13 Nisan 2012 Cuma

İmtihan Dünyası






                                       İmtihan Dünyası


                 Şaka değil, gerçekten imtihandayız!


Herhangi bir resmî işe, üniversiteye girmek veya okulu bitirmek için mini mini imtihanlar için ter döker, kimi zaman, “hayat-memat/ölüm-kalım” meselesi yaparak ölesiye çalışırız. Bazen de imtihanı geçip geçemeyeceğimizin endişesini, heyecanını, korkusunu taşırız.

Bu yoğun çalışma ve duygusal yoğunluklar, istikbal içindir. İstikbal nedir ve nereye kadardır? Bulunduğumuz ömür dakikalarından ötesi, kabir kapısına dek olan süre istikbaldir. Bu, üniversite bittikten sonra en fazla 40-50 sene. Haydi 60 - 80 yıl olsun! Bu eğer istikbal ise; bizi bekleyen sonsuz mutluluk veya azap istikbal değil mi?

Dünyevî istikbal, göz açıp kapayıncaya kadar gelip geçtiğine göre, gerçek ve hiç bitmeyecek sonsuz istikbal bizi dünya imtihanlarından yüz bin kat daha endişelendirmeli, korkutmalı, heyecanlandırmalı veya çalıştırmalı değil mi?

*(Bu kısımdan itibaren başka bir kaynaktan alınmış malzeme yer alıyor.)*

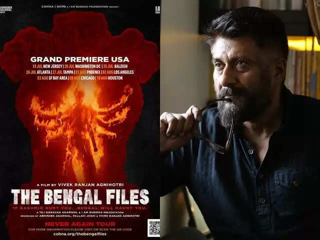 विवेक अग्निहोत्री अपनी बहुप्रतीक्षित फिल्म 'द बंगाल फाइल्स' के साथ एक बार फिर दर्शकों के सामने आने को तैयार हैं। इस फिल्म का भव्य प्रीमियर अमेरिका के विभिन्न शहरों में होने जा रही है। यह फिल्म 19 जुलाई को न्यू जर्सी में, 20 जुलाई को वाशिंगटन डीसी में, 25 जुलाई को रैले में, 26 जुलाई को अटलांटा में, 27 जुलाई को टैम्पा में, 1 अगस्त को फीनिक्स में, 2 अगस्त को लॉस एंजिल्स में, 3 अगस्त को एसएफ बे एरिया में, 9 अगस्त को शिकागो और 10 अगस्त को ह्यूस्टन में दिखाई जाएगी।

Ama, biz hâlâ, oyunda, oynaştayız. Günümüzü gün ediyor, eğleniyoruz? Cennetle mi müjdelendik ki, neşemizden raksediyoruz? Yoksa, bütün bunlar şaka mı geliyor?

İmtihan; bilgi ve tecrübenin derecesini; bir de verilen sözün yerine getirilip getirilmediğini tespit işlevi görür. İlâhî imtihan, yüce ruhlar ile sefil ruhları birbirinden ayırır. Tıpkı, diploma almak veya işe girmek isteyenlerin ehil olup olmadıklarını tespit için imtihanlardan geçtikleri gibi; din de elmas ile kömür ruhlu insanları birbirinden ayırt eden bir mihenktir.

Elest Bezmi’nde, yani ruhlarımızın yaratılıp “Ben sizin Rabbiniz değil miyim?” hitabına muhatap olduklarında “Evet Sen bizim Rabbimizsin!” şeklinde verdiğimiz söz için imtihan dünyasına gönderildik. Halıkımızı, Rabbimizi tanıyacağımıza, ihsan ettiği sayısız nimetlere teşekkür edeceğimize dair verdiğimiz sözü/misakı yerine getirip getirmeyeceğimizin denenmesidir.

Melek ve hayvandan da üstün olacak ve pek aşağı derecelere düşebilecek duygular, özellikle “hür irâde” ile donatıldığımıza göre, elbette gelişip olgunlaşmamız için sınanarak imtihana tâbi tutulacağız. Dolayısıyla din/iman, hür irâde çerçevesinde bir imtihan, bir tecrübe, bir müsabaka, İlâhî bir teklif, bir tecrübedir.